Moreover, as the court found, the tortious interference claim is supported, at this pleading stage, by the departure of the three other clients who retained the Garcia firm, which, in turn, retained the Schwitzer firm as trial counsel. The Garcia Defendants argue that these substitutions do not show any wrongful conduct on their part, and the Schwitzer Defendants argue that their retention as trial counsel in these matters post-dated the events alleged in the complaint. However, at a minimum, the circumstances raise issues of fact as to the business relationship between the Garcia and Schwitzer firms and, in view of the evidence of the Schwitzer firm's tactics, invite inquiry as to how the Garcia firm, which then brought in the Schwitzer firm, became counsel to these individuals. The dates on which the Schwitzer firm formally became trial counsel do not constitute evidence of its first consultation as to these cases or whether, and to what degree, the two firms coordinated in an effort to secure these clients.
The court correctly declined to dismiss the complaint as against the individual defendants.
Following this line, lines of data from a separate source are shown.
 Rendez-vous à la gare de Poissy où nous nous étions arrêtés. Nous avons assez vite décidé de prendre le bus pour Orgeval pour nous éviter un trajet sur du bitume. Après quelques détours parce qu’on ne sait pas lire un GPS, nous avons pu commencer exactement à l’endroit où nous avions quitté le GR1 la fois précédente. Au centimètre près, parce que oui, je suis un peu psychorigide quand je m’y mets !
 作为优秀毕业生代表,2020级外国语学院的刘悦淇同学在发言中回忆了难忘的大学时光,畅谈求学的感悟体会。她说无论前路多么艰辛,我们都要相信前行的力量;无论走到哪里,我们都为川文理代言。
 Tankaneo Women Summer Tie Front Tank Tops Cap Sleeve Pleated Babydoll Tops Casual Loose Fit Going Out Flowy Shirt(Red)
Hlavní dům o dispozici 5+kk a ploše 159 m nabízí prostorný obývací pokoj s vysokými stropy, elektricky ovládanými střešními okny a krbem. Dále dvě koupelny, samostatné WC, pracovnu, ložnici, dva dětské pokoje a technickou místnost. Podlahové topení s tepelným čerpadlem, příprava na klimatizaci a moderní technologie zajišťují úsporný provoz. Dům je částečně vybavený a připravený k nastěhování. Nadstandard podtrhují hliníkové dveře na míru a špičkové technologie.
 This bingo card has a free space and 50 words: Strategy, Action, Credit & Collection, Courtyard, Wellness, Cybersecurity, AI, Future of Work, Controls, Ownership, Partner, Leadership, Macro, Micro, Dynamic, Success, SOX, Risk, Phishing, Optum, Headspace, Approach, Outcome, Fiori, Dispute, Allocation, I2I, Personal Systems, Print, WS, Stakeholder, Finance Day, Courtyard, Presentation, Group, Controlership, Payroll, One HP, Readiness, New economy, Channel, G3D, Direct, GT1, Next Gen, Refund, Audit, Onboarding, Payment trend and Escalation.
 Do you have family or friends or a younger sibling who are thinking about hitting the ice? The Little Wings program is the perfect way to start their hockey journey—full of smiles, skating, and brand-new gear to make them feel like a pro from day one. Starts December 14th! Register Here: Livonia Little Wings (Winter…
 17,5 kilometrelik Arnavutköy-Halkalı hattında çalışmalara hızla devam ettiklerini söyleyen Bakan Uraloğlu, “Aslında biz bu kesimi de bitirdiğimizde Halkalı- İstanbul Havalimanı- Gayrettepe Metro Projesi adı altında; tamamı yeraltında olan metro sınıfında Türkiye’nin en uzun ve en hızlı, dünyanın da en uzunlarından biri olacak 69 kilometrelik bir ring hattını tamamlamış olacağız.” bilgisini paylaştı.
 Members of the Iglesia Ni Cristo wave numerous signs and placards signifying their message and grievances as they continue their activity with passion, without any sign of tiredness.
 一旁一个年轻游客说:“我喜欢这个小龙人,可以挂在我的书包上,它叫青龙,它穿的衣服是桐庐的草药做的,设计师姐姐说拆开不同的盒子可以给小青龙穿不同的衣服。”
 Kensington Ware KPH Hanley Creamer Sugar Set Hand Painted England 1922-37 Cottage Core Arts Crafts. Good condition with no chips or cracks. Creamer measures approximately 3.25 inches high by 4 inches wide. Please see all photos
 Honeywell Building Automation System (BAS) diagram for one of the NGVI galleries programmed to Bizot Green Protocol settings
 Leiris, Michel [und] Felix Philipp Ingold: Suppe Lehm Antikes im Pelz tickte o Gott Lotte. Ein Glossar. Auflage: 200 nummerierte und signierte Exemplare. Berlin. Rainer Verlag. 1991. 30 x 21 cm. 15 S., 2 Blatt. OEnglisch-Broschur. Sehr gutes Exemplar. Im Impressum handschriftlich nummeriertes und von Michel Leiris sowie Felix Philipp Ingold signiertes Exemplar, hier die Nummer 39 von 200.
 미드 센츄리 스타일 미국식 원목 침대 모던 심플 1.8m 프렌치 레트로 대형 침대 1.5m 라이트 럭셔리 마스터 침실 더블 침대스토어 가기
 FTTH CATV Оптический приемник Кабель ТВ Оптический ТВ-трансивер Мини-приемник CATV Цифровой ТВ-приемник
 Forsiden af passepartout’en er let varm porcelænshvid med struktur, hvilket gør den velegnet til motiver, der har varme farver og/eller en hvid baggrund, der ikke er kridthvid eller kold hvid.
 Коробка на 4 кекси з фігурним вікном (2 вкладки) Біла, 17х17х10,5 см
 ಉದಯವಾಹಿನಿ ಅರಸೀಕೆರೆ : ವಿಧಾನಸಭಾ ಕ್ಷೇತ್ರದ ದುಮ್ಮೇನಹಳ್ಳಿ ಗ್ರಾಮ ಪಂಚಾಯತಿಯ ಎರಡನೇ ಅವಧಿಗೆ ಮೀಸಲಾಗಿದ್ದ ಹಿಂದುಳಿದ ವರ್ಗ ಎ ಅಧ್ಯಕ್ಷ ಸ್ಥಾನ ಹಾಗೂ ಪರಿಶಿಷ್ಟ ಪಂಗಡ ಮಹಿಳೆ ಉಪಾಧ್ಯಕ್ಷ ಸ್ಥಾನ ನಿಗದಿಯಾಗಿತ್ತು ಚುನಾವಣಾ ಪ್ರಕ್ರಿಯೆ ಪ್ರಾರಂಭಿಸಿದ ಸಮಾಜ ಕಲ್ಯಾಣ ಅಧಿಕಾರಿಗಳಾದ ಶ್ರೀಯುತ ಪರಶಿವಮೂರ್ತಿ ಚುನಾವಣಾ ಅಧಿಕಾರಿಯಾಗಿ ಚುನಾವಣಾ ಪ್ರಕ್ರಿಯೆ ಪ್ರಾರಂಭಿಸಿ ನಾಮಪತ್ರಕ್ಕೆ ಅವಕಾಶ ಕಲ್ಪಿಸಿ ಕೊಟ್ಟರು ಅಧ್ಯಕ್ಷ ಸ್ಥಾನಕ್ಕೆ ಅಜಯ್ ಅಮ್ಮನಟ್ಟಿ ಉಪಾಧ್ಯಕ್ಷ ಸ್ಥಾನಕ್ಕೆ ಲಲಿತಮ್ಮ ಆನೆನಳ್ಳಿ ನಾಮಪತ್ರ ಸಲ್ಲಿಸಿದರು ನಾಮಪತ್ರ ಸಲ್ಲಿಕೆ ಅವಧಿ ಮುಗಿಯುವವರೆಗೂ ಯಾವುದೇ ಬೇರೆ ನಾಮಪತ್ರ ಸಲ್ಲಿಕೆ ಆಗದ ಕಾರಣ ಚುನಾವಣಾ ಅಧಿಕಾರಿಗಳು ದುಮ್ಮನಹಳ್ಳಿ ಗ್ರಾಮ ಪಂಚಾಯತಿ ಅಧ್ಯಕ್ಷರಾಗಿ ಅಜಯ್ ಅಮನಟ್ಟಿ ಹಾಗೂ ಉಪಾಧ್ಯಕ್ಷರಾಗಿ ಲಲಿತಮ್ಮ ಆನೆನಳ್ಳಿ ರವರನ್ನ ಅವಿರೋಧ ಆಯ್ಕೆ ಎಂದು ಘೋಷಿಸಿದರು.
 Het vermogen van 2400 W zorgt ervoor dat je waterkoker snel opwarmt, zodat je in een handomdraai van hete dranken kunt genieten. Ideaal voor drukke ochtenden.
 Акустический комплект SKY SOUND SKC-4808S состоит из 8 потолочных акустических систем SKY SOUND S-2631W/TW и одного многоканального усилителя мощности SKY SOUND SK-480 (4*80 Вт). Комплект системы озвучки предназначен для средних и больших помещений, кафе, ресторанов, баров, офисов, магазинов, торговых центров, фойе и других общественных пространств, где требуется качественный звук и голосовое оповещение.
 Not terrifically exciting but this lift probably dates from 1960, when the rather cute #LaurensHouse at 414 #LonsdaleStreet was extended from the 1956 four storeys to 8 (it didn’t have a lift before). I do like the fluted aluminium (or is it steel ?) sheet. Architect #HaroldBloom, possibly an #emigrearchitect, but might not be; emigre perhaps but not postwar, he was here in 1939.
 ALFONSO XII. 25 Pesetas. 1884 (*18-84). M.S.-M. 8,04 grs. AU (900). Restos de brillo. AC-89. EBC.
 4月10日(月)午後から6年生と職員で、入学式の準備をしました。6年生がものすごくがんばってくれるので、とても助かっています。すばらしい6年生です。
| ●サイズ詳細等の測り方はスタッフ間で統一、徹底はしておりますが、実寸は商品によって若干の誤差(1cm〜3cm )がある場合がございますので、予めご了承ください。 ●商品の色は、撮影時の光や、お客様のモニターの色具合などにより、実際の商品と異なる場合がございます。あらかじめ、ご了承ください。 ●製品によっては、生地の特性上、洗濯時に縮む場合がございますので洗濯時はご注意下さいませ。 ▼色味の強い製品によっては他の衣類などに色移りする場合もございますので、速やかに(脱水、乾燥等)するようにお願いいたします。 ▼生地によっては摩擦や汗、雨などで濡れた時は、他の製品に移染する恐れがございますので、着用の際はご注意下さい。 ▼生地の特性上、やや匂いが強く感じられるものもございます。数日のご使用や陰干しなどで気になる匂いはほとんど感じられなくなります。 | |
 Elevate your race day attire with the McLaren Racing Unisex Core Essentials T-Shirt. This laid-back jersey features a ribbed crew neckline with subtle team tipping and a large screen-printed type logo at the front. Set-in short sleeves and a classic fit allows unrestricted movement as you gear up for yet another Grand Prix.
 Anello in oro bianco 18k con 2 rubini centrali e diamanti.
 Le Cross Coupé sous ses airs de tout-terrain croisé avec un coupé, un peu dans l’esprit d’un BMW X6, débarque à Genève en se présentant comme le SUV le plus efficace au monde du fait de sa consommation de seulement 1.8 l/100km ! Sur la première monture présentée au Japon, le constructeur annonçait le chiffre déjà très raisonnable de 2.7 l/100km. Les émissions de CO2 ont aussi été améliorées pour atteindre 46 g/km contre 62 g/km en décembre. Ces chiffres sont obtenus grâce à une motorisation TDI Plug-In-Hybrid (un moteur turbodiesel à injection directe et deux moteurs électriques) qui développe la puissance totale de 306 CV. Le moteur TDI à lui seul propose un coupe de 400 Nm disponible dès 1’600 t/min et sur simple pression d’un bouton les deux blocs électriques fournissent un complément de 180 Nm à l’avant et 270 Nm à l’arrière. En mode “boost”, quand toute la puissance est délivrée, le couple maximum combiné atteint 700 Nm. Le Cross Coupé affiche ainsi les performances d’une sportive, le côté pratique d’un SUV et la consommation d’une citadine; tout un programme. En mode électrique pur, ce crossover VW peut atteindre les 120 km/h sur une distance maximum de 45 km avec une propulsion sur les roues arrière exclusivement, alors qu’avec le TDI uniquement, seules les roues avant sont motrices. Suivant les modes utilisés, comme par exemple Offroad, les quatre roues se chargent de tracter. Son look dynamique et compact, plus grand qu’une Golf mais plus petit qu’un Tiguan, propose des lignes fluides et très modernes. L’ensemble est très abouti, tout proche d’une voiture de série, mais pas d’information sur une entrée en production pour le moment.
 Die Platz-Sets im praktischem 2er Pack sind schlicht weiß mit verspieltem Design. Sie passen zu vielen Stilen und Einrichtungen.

Given these individuals' alleged direct involvement in the events that underlie the tortious interference claim, supported by affidavits submitted by plaintiff, the Schwitzer Defendants' arguments premised on the shortcomings of vicarious liability doctrines are not relevant.
No appeal lies from the denial of reargument (Rodriguez v Nevei Bais, Inc., 158 AD3d 597 [1st Dept 2018]).
We have considered defendants' remaining arguments and find them unavailing.
THIS CONSTITUTES THE DECISION AND ORDER OF THE SUPREME COURT, APPELLATE DIVISION, FIRST DEPARTMENT.